Jésus connait bien la faute et la faiblesse de cette femme. Il admet sa culpabilité, il n’écarte pas la sanction prévue par la Loi, mais il rappelle les conditions de son application. Sa vie est plus précieuse que le péché. Jésus ne réduit pas la femme à son péché.
D’ailleurs, Jésus est le seul à s’adresser à cette femme. Les scribes et les pharisiens ne faisaient que parler d’elle. Insignifiante pour eux, elle n’était qu’un objet des discutions et un projet intriguant pour compromettre Jésus. Jésus parle avec elle, il dialogue, il établit un lien. Une communion est en train de naître. « Je ne te condamne pas.” C’est comme une parole d’absolution. « Il a pris sur lui nos souffrances.” Se redressant Jésus portait déjà son péché. Du coup, l’important, ce n’est plus ce qu’était hier, mais ce qui sera demain.
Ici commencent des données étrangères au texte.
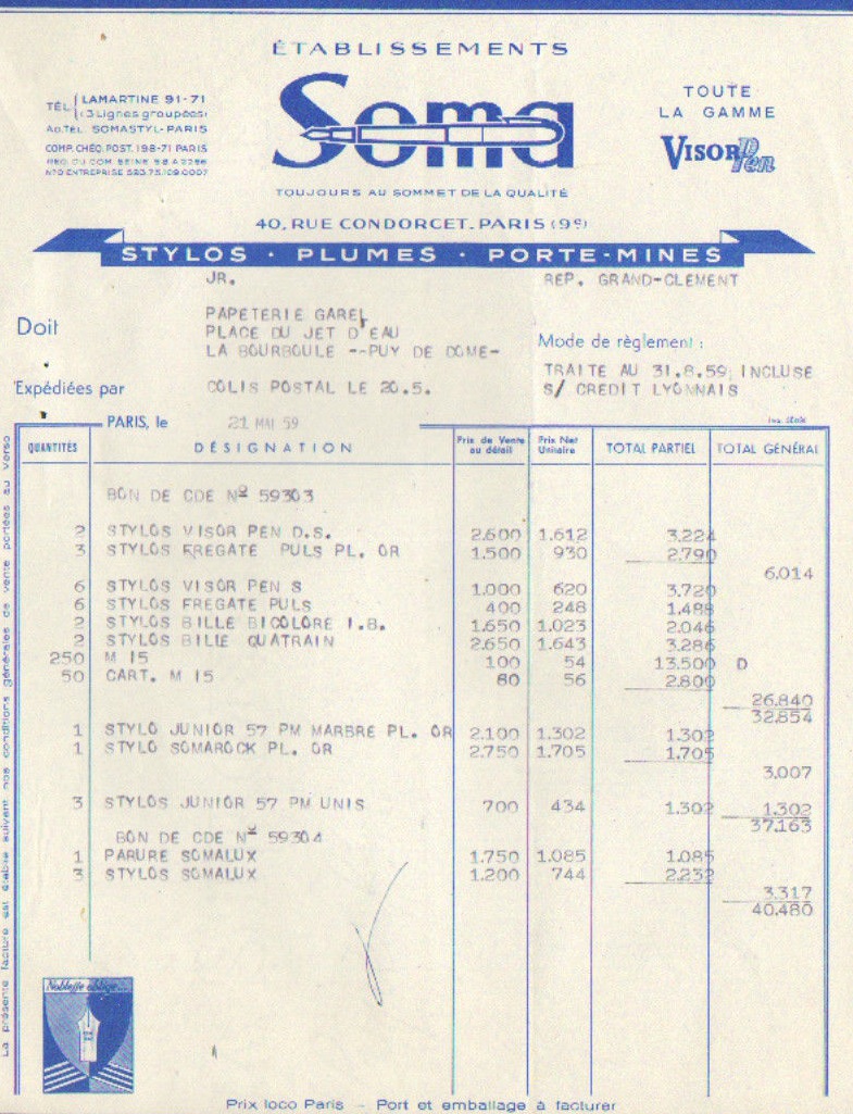 Scansione di una fattura Soma datata 1959-05-21. Data visibile direttamente. Fa riferimento ai modelli Visor Pen, Fregate Puls, Junior 57. Ritoccata dall'autore per una migliore nitidezza. Contributo di Massimo, utente forum Maxpen2012.

Le pardon de Jésus libère, il crée un cœur nouveau et donne un esprit nouveau. La vie s’ouvre devant cette femme. En face de Jésus, la vie s’ouvre à tout homme.
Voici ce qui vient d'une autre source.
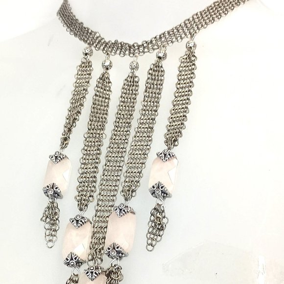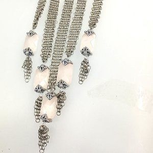 Ferrara Whiting and Davis Ring Mesh Choker with 5 Rose Quartz Pendants
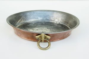 Quelle più antiche erano di terracotta o di rame stagnato, con bordo svasato, come da foto.
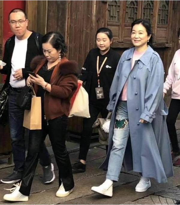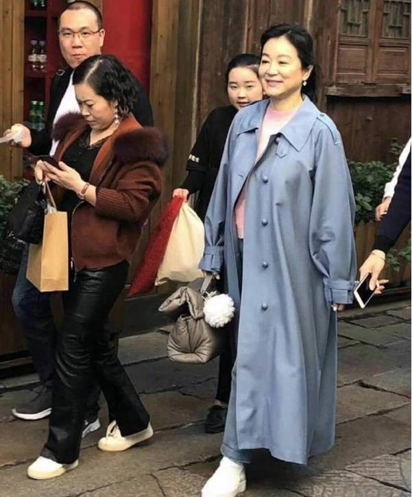 从背后看,林青霞的身材已经没有年轻时苗条,但大家就是爱她的自然。

« Va, et désormais ne pèche plus.” La miséricorde envers le pécheur ne signifie pas la tolérance au péché. Jésus avait donné la même consigne au malade guéri de Bethesda (Jn 5,14). Jésus condamne subtilement le péché: « ne pèche plus”.
Que voyons-nous dans cette histoire ? Le coup contre Jésus est devenu le merveilleux déploiement de la Bonne Nouvelle. Jésus est dans la droite ligne de l’accomplissent de la Loi et il réalise ce que Dieu lui-même a promis par la bouche des prophètes. Prendrais-je donc plaisir à la mort du méchant et non plutôt à le voir renoncer à sa conduite et vivre? ” (Ez 18,23) Plus encore aujourd’hui dans le livre d’Isaïe: « Ne faites plus mémoire des évènements passés, ne songez plus au choses d’autrefois. Voici que je fais une chose nouvelle : elle germe déjà…

Frères et sœurs, « c’est aujourd’hui que s’accomplit à vos oreilles ce passage de l’Écriture” (Lc 4,21). Amen.